Oh, how they care now.

But Henderson said it couldn't have happened without the real captain, Krzyzewski.

``It's amazing,' he said. ``He can take a new group of guys each year and not have just a winning season, but a great season.'

Win or lose Monday night, this is what is known as a great season.

An unlikely great season.

Couldn't have happened without Robert Brickey, the spiritual leader and one of the seniors on this year's team. Brickey can forget all the other Final Four disappointments for the moment.

Forget that visit to Dallas two years ago when an allergic reaction to penicillin robbed him of his strength at a most cruel moment in his career, when he was not certain he would ever have another shot at a Final Four and a national championship.

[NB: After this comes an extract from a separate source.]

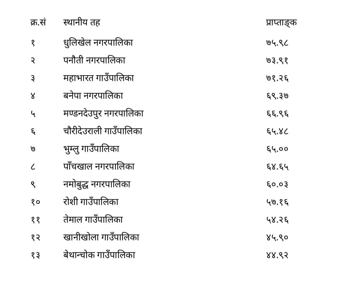 बनेपा नगरपालिका ६९.३७ अंकसहित चौथो र मण्डनदेउपुर नगरपालिका ६६.९६ अंकसहित पाँचौं स्थानमा परेका छन्। त्यसैगरी चौरीदेउराली गाउँपालिका ६५.४८ अंकसहित छैटौं, भुम्लु गाउँपालिका ६५.०० अंकसहित सातौं र पाँचखाल नगरपालिका ६४.६५ अंकसहित आठौं स्थानमा रहेका छन्।

He can forget, too, that big 26-8 lead he and Duke had against Seton Hall in Seattle last year in the Final Four, and the shooting pain in his upper leg and hip when he fell heavily. He tried to play again, but half a Brickey or less wasn't enough.

Now he can forget the badge of courage he wears on his right knee as a bulky brace against an early season injury. And the tightly wrapped upper thigh and the annoying hamstring muscle held in place there, his reminder of the success last week in the Meadowlands against Connecticut, the victory that got him and his buddies to this moment in Duke basketball history.

Perhaps late Monday night, Laettner can know that Ferry and Snyder understood as the three teammates stood hugged together in a special moment in Seattle.

Saturday afternoon, Christian Laettner was standing there at the free throw line with 1:38 to play when the crowd - Duke folks and Georgia Tech folks seated in opposite corners of this house - began chanting ``ACC! ACC! ACC!'

Laettner sank both free throws.

Arkansas' ballyhooed ``40 minutes of hell' had just turned into one heavenly blowout for the Blue Devils.

The celebration by then was well under way with high fives and hugs along the Duke bench. And when Krzyzewski pulled Abdelnaby and waited for the cheering to die, and then pulled Laettner from the game as well and got an ovation for him, the two big men stood there, 14 seconds from the championship game Ferry and Snyder had wanted so badly, hugging.

Hurley stayed until the end. Hurley, the freshman described in a boastful moment Friday by Arkansas guard Arlyn Bowers as the ``head' of the Duke team. ``Coach told us to cut off the head of this team, and Hurley's the head,' he had said.

But Hurley and not Bowers will be staying in town for one more game. Not even Hurley thought this would happen.

A year ago, when Duke beat Georgetown in the Meadowlands to advance to the Final Four at Seattle, high schooler Hurley called Krzyzewski to congratulate him.

``I asked if he could get me tickets to the Final Four,' Hurley said. ``I had never been to one.

``He said to me, 'Bobby, you should go to the Final Four when you play in it.' I never thought a year ago I'd get to go this soon.'

Naw. Freshmen can't get you here. Can't handle this pressure. Krzyzewski understood that.

``It took me a while to figure out he was going to run this team,' the Duke coach said. ``We must have practiced 15 minutes the first day before I knew.'

Hurley had only three points, but oh, how he tormented Arkansas.

With Ferry gone, with a rookie running the show, no way this was going to happen.

But it did.

For the Blue Devil faithful, 40 minutes of heaven.